After successful acquisition of the incoming light beam, the beacon field should be focused at the center of the acquisition array, which is coaxially aligned to the position error sensor of the tracking subsystem. The acquisition threshold removes the array processing and enables the tracking operation using the centered, focused beam. The tracking subsystem then generates the error signals as the focused beam moves off-center, due to either line-of-sight beam motion or receiver platform jitter.

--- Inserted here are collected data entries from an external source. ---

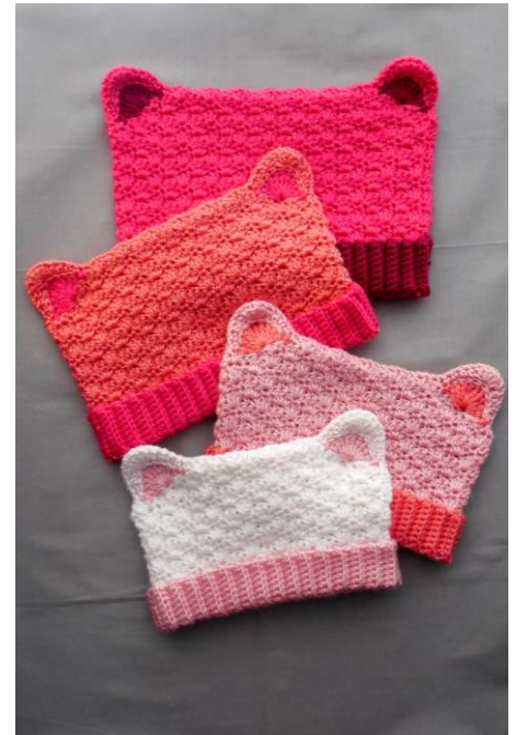
Hats shown made with worsted weight yarn, Large (top) to X-Small (bottom).
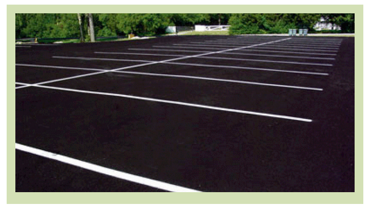
Figure 1.1. 90° Stalls

The 90° angle (Figure 1.1) achieves the highest parking stall capacity. This type of parking is more suited for all-day parking (such as employee parking) because it has the highest degree of difficulty for entering and leaving parking stalls. It is generally not preferred for "in and out" lots such as fast food restaurants and banks.
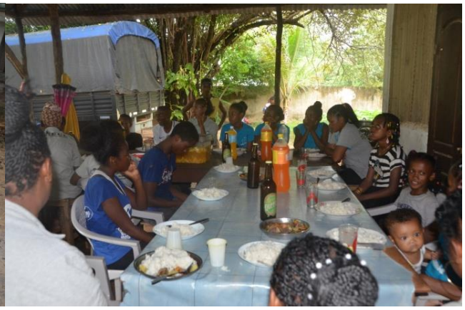
Photo 19 Meal
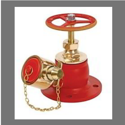
Single Hydrant Valve
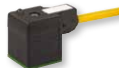
MSUD valve plug connector

The tracking subsystem usually uses two separate (azimuth and elevation) closed loops, as shown in Figure 10.12. The tracking error is determined instantaneously for both azimuth and elevation coordinates by means of the position error sensor, which generates the error signals. The error signals are then used to control the alignment axis of the receiver lens. This is accomplished by some type of control loop dynamics, generally with separate servo loops for individual control of the azimuth and elevation ...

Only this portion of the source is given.